Fusion at the time of revision discectomy has been more consistently recommended as a treatment option for patients with associated lumbar instability, radiographic degenerative changes, and/or chronic axial low-back pain.15 This recommendation in the previous guidelines was based on several studies. Huang and Chen reported on 28 patients undergoing posterior interbody fusion (8 with recurrent disc herniations and 10 with low-grade spondylolisthesis).9 These patients all had significant degenerative changes and some had spondylolisthesis. The average follow-up was 14 months, and all patients had pedicle screw fixation. Overall, 93% of the patients were satisfied with their condition, and 82% were considered to have achieved radiographic fusion. Of the 8 patients with recurrent disc herniations, 6 had excellent or good outcomes, and 2 had fair outcomes. In another study, Chitnavis and colleagues reported on a group of patients with recurrent disc herniations with symptoms of back pain or signs of instability, who were treated with posterior decompression and interbody fusion.5 Of a total of 50 patients with 6 months to 5 years of follow-up, 92% improved after surgery and 90% were very satisfied with their results. This study provides Level IV evidence demonstrating good results with fusion in these patients with recurrent disc herniations with instability and/or axial low-back pain. There is a paucity of more recent evidence to support or refute the previous conclusions from the initial publication of the Lumbar Fusion Guidelines. The majority of these studies were case series and not comparative studies looking at discectomy alone versus discectomy and fusion.13

Summary

Based on the recent literature reviewed, there does not appear to be evidence to support the routine use of fusion at the time of an index discectomy operation.
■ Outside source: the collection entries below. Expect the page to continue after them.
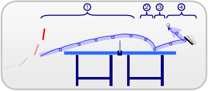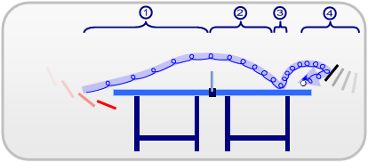 The topspin stroke has a smaller influence on the first part of the ball-curve. Like the backspin stroke, however, the axis of spin remains roughly perpendicular to the trajectory of the ball thus allowing for the Magnus effect to dictate the subsequent curvature. After the apex of the curve, the ball dips downwards as it approaches the opposing side, before bouncing. On the bounce, the topspin will accelerate the ball, much in the same way that a wheel which is already spinning would accelerate upon making contact with the ground. When the opponent attempts to return the ball, the topspin causes the ball to jump upwards and the opponent is forced to compensate for the topspin by adjusting the angle of his or her racket. This is known as "closing the racket".
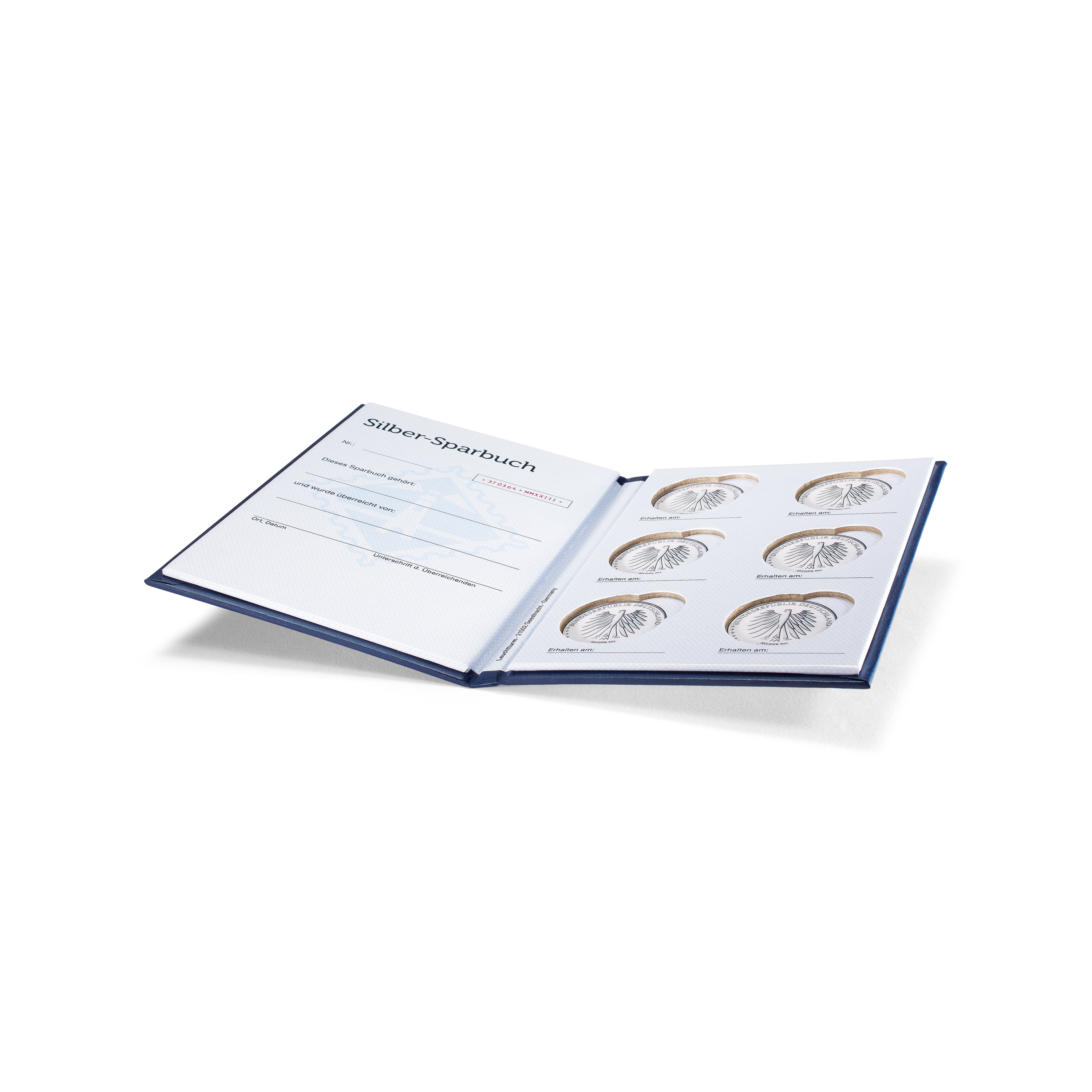 Im Design eines klassischen Sparbuchs eignet sich dieses Album ideal als erste Sparanlage für Silbermünzen. Es bietet einen einfachen Einstieg und die Möglichkeit, langfristig Wert aufzubauen.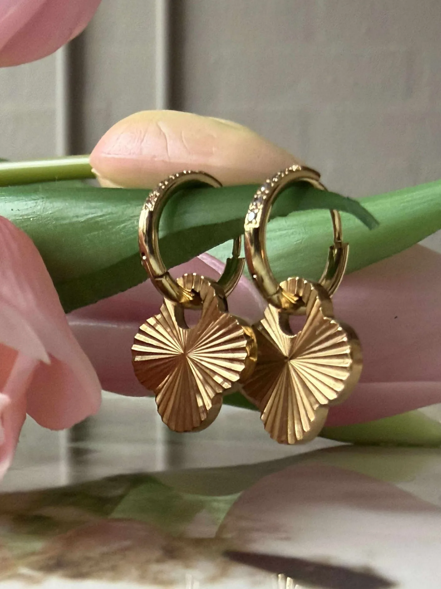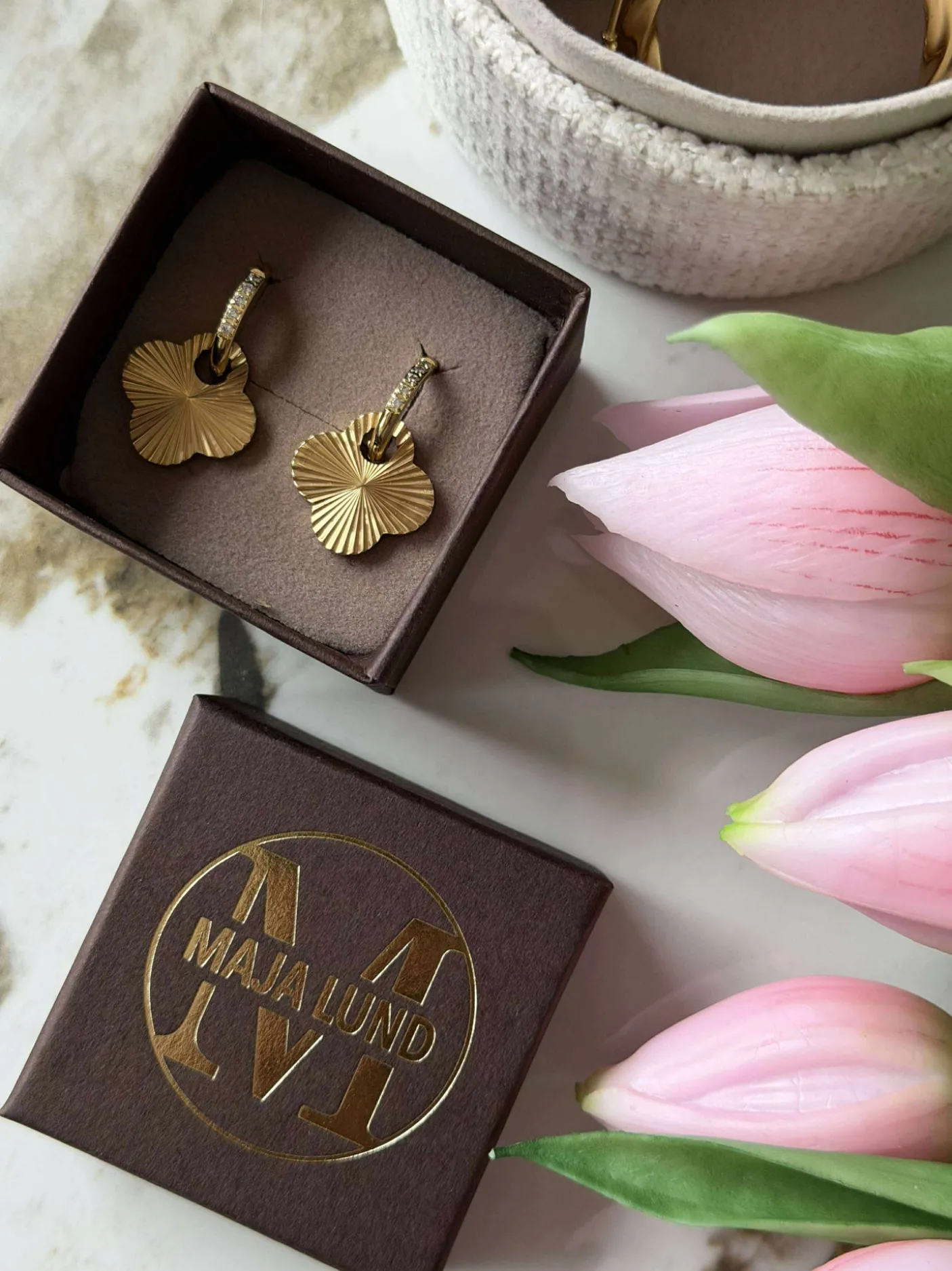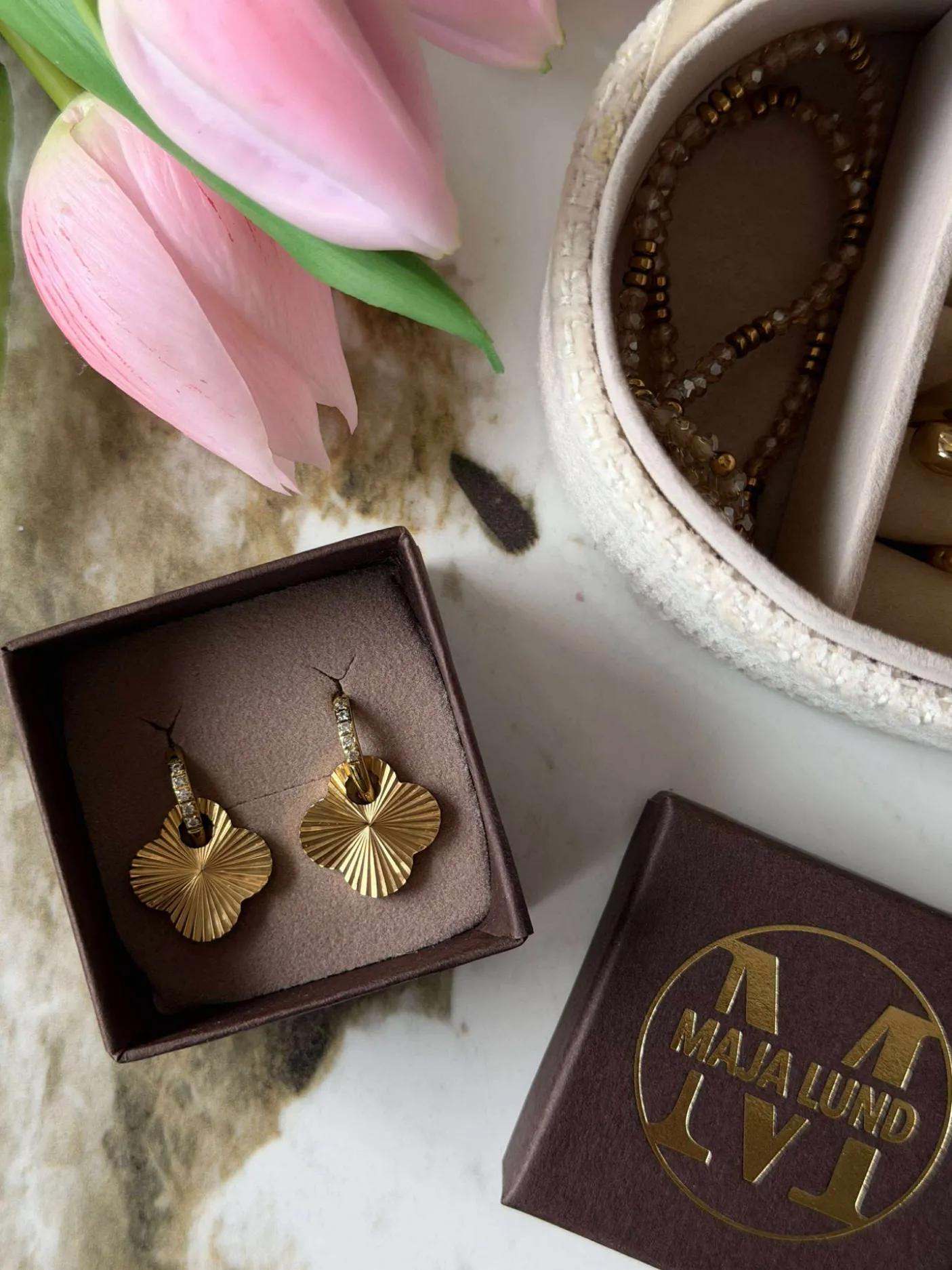 Øreringe SAGA – forgyldt er et par delikate øreringe med drop kløver-vedhæng. Fremstillet i rustfrit stål med forgyldt finish og længde 2.5 cm. Udtrykket er varmt og fint takket være den gyldne overflade, som løfter både afslappede og mere elegante looks. Designet er enkelt nok til hverdag og detaljeret nok til særlige lejligheder.

There remains conflicting Level III and IV evidence regarding the potential benefit of the addition of fusion in certain situations; however, the increase in morbidity, cost, and potential complications associated with the use of fusion are not justified in routine situations. Patients with demonstrated preoperative instability and significant chronic low-back pain in addition to radicular symptoms may be candidates for fusion at the time of primary disc excision. Patients with recurrent disc herniations have been treated successfully with repeated excision as well as with excision and fusion. In patients with significant spinal deformity, instability, or associated chronic low-back pain, consideration of fusion is reasonable.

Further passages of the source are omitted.